[Records to use — start]

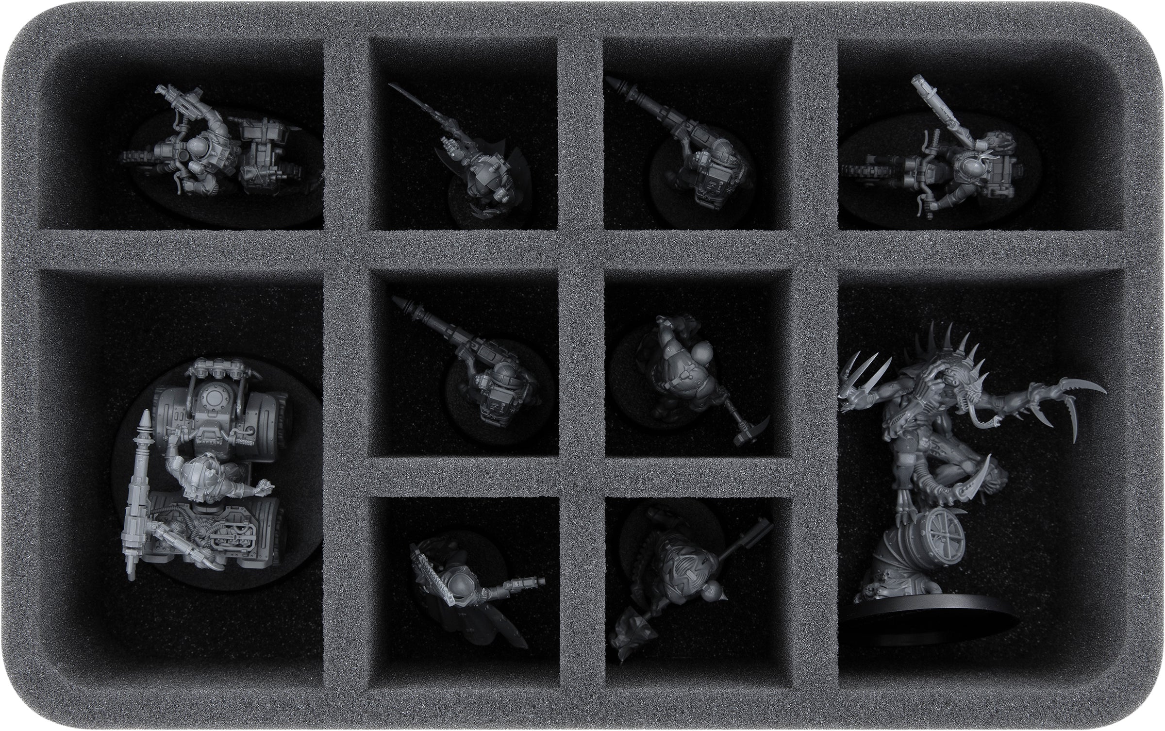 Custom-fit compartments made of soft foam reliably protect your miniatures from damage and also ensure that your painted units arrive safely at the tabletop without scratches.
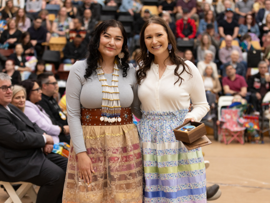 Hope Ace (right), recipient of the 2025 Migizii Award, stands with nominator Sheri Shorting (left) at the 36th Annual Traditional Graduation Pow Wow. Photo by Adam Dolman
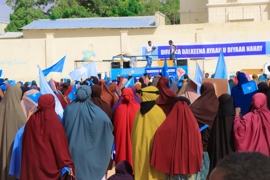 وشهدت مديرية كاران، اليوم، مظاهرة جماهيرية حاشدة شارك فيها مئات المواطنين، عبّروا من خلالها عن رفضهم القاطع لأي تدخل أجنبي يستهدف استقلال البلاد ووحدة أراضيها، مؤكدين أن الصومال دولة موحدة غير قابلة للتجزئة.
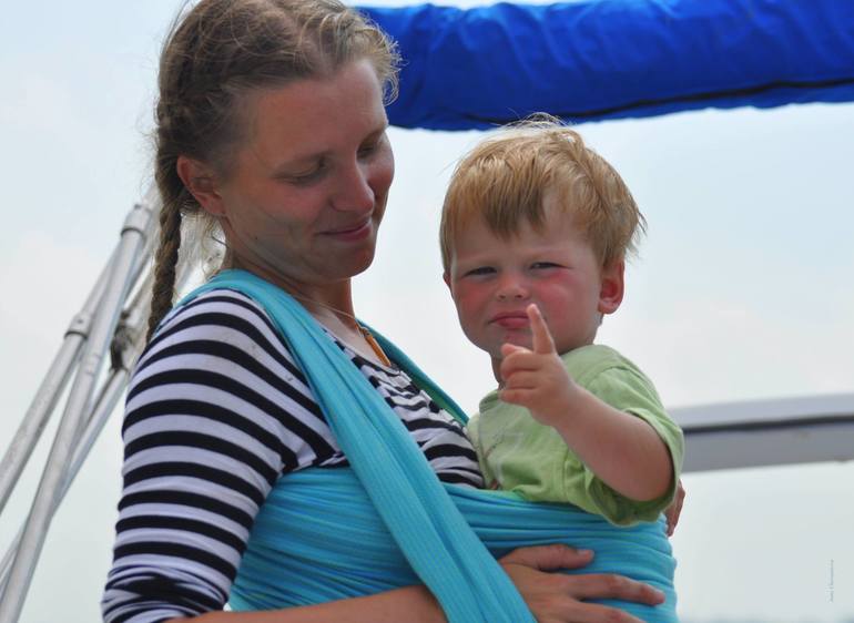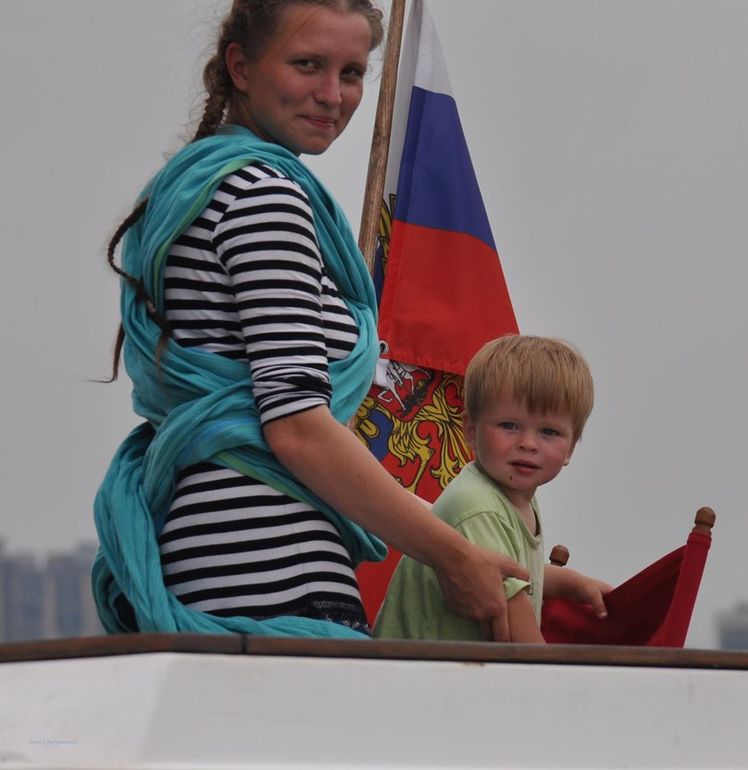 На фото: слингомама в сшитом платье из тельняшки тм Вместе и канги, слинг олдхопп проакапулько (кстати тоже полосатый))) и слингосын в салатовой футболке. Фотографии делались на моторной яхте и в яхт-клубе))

[Records to use — finish]
[Records to use — start]

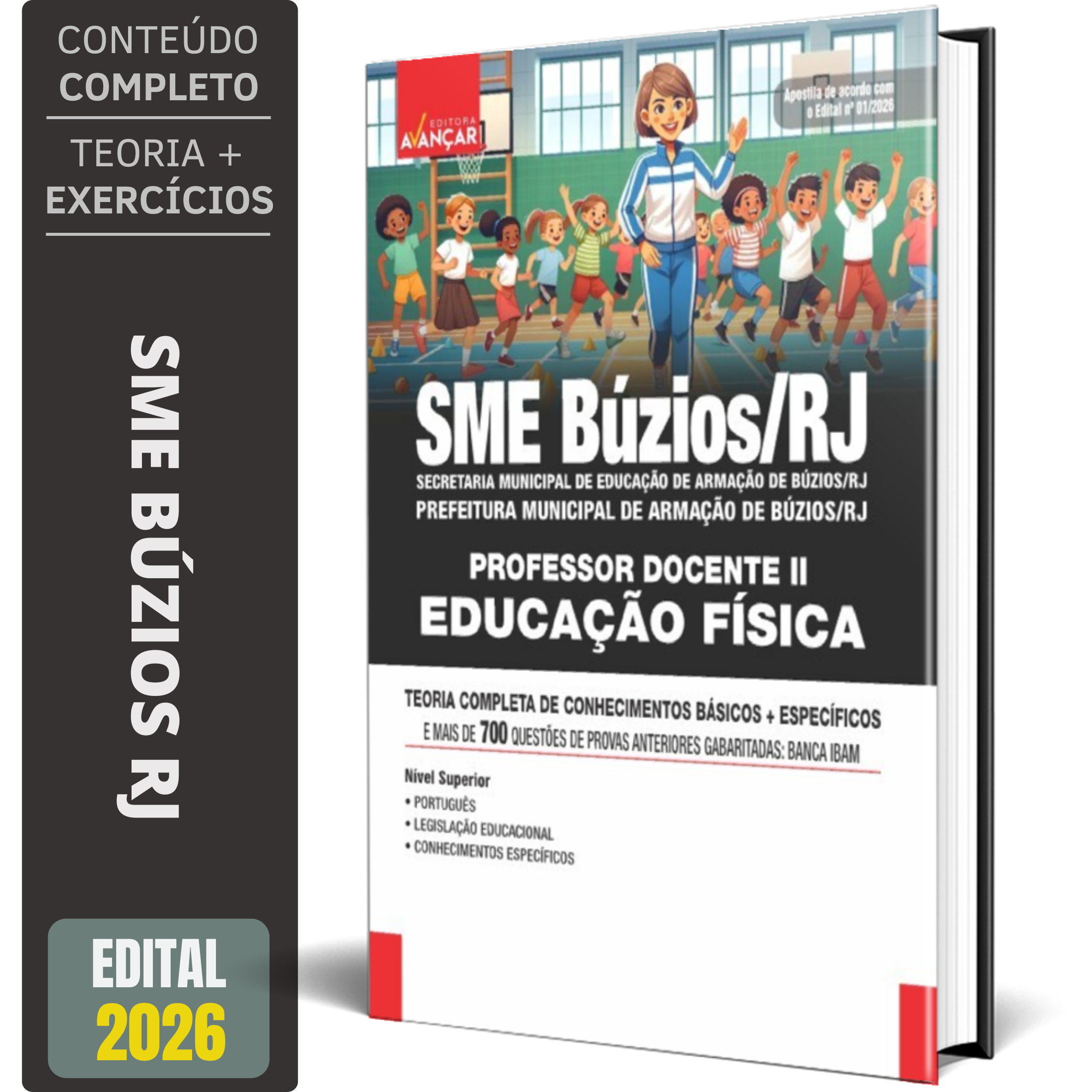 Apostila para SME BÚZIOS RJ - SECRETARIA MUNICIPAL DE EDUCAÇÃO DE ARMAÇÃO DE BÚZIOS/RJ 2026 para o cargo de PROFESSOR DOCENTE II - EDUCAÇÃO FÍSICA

[Records to use — finish]
[Records to use — start]

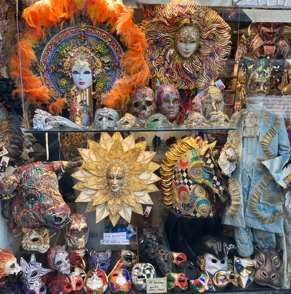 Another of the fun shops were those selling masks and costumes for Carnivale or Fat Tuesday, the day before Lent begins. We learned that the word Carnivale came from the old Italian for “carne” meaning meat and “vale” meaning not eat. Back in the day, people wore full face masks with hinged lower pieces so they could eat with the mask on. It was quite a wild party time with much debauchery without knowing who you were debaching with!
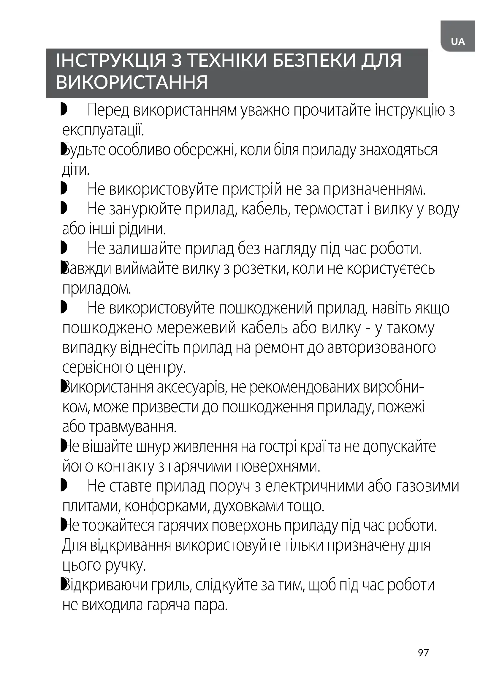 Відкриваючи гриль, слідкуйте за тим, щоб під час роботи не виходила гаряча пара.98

[Records to use — finish]

▶ Assignment:
Look above for the line with "وشهدت مديرية كاران،" and the line with "На фото: слингомама"; set down those two lines and all lines between them exactly, without pictures and without anything else.

▶ Result for this task:
 وشهدت مديرية كاران، اليوم، مظاهرة جماهيرية حاشدة شارك فيها مئات المواطنين، عبّروا من خلالها عن رفضهم القاطع لأي تدخل أجنبي يستهدف استقلال البلاد ووحدة أراضيها، مؤكدين أن الصومال دولة موحدة غير قابلة للتجزئة.
 На фото: слингомама в сшитом платье из тельняшки тм Вместе и канги, слинг олдхопп проакапулько (кстати тоже полосатый))) и слингосын в салатовой футболке. Фотографии делались на моторной яхте и в яхт-клубе))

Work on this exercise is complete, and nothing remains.